By analyzing existing cross correlation between Short Precious Metals and John Hancock Investment, you can compare the effects of market volatilities on Short Precious and John Hancock and check how they will diversify away market risk if combined in the same portfolio for a given time horizon. You can also utilize pair trading strategies of matching a long position in Short Precious with a short position of John Hancock. Check out your portfolio center. Please also check ongoing floating volatility patterns of Short Precious and John Hancock.

Diversification Opportunities for Short Precious and John Hancock

-0.29
  Correlation Coefficient

Very good diversification

The 3 months correlation between Short and John is -0.29. Overlapping area represents the amount of risk that can be diversified away by holding Short Precious Metals and John Hancock Investment in the same portfolio, assuming nothing else is changed. The correlation between historical prices or returns on John Hancock Investment and Short Precious is a relative statistical measure of the degree to which these equity instruments tend to move together. The correlation coefficient measures the extent to which returns on Short Precious Metals are associated (or correlated) with John Hancock. Values of the correlation coefficient range from -1 to +1, where. The correlation of zero (0) is possible when the price movement of John Hancock Investment has no effect on the direction of Short Precious i.e., Short Precious and John Hancock go up and down completely randomly.

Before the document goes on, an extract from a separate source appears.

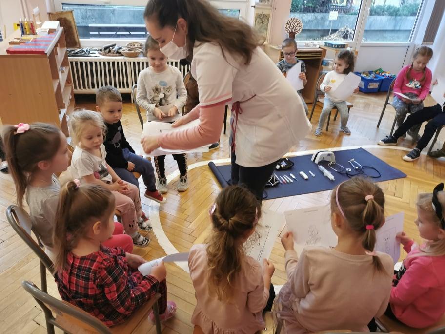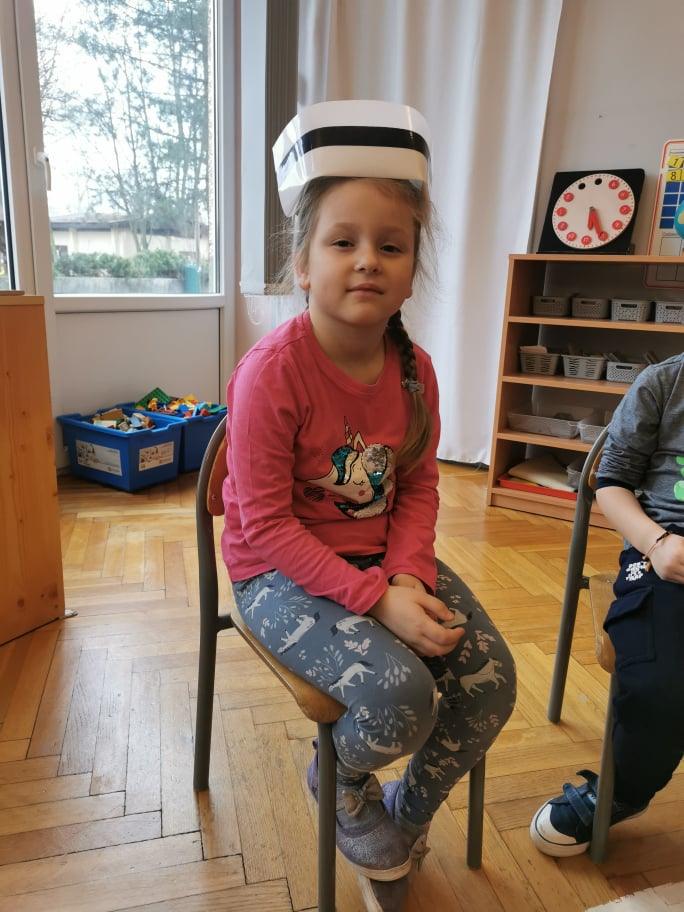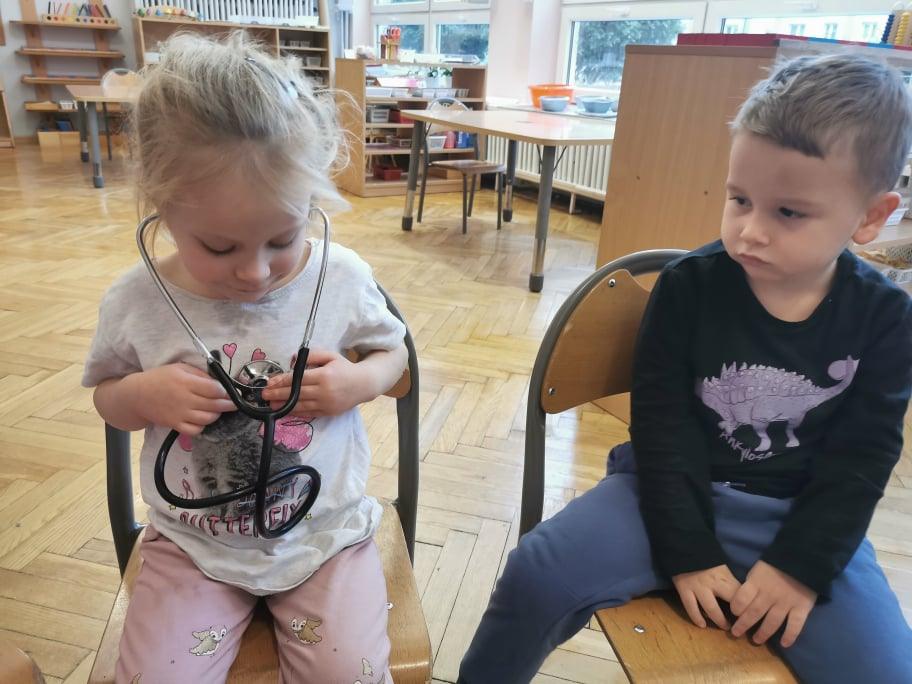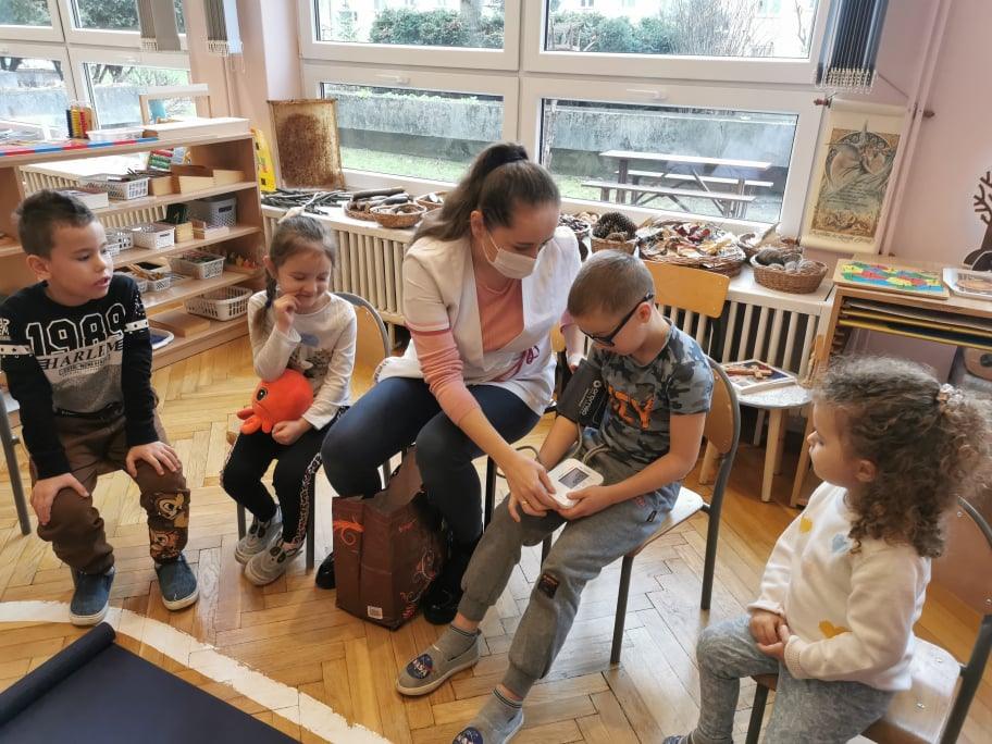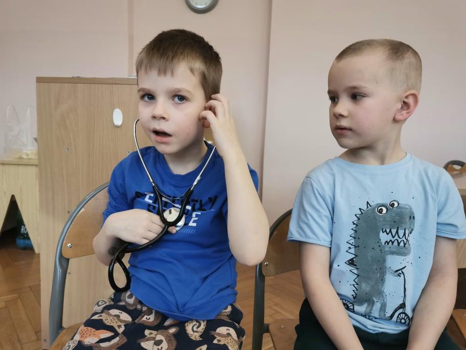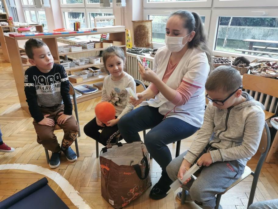 Pani Gosia przyszła ubrana w mundurek, w którym chodzi do pracy. Pokazała dzieciom charakterystyczny biały czepek z czarnym paskiem, który kiedyś nosiły pielęgniarki. Nasze dziewczynki chętnie go przymierzały. Oprócz charakterystycznego czepka pielęgniarki nosiły białe fartuchy teraz zakładają białe albo kolorowe mundurki, dzięki temu wzbudzają zaufanie zwłaszcza wśród najmłodszych pacjentów. Pani Gosia opowiedziała nam o obowiązkach jakie do niej należą. Pokazała strzykawki, probówki laboratoryjne do różnego rodzaju badań, igły, termometr, stetoskop, ciśnieniomierz elektroniczny oraz zegarowy a także glukometr do mierzenia poziomu cukru we krwi. Pani Małgosia przypomniała nam również o konieczności dbania o higienę osobistą, częstym, dokładnym myciu rąk oraz o jedzeniu warzy i owoców, które są cennym źródłem witamin niezbędnych dla naszego zdrowia. Pani Gosia za pomocą eksperymentu pokazała w jaki sposób myć dokładnie ręce. Przedszkolaki również pokazywały jak należy to właściwie robić. Dzieci z zainteresowaniem uczestniczyły w lekcji, zadając pytania, które je nurtowały.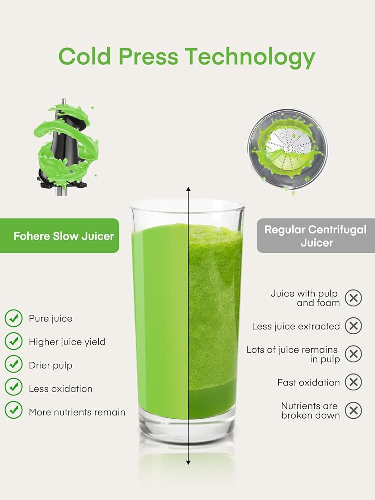 تقنية الضغط البارد: تستخدم العصارة تقنية مضغ منخفضة السرعة لا تحافظ على العناصر الغذائية والإنزيمات فحسب، بل تولد أيضًا كمية رائعة من العصير. إن إنتاجية العصير أكبر بكثير من إنتاج عصارة الطرد المركزي العادية. يكون اللب جافًا بشكل استثنائي، مما يشير إلى أن الآلة تستخرج أكبر قدر ممكن من العصير من المنتج.

Pair Corralation between Short Precious and John Hancock

Assuming the 90 days horizon Short Precious Metals is expected to under-perform the John Hancock. In addition to that, Short Precious is 1.8 times more volatile than John Hancock Investment. It trades about -0.08 of its total potential returns per unit of risk. John Hancock Investment is currently generating about 0.03 per unit of volatility. If you would invest  6,882  in John Hancock Investment on October 22, 2024 and sell it today you would earn a total of  457.00  from holding John Hancock Investment or generate 6.64% return on investment over 90 days.
Time Period3 Months [change]
DirectionMoves Against 
StrengthInsignificant
Accuracy100.0%
ValuesDaily Returns

Short Precious Metals  vs.  John Hancock Investment

 Performance 
       Timeline  
Short Precious Metals 

Risk-Adjusted Performance

11 of 100

 
Weak
 
Strong
Good
Compared to the overall equity markets, risk-adjusted returns on investments in Short Precious Metals are ranked lower than 11 (%) of all funds and portfolios of funds over the last 90 days. In spite of fairly weak forward indicators, Short Precious showed solid returns over the last few months and may actually be approaching a breakup point.
John Hancock Investment 

Risk-Adjusted Performance

0 of 100

 
Weak
 
Strong
Very Weak
Over the last 90 days John Hancock Investment has generated negative risk-adjusted returns adding no value to fund investors. In spite of latest weak performance, the Fund's basic indicators remain strong and the current disturbance on Wall Street may also be a sign of long term gains for the fund investors.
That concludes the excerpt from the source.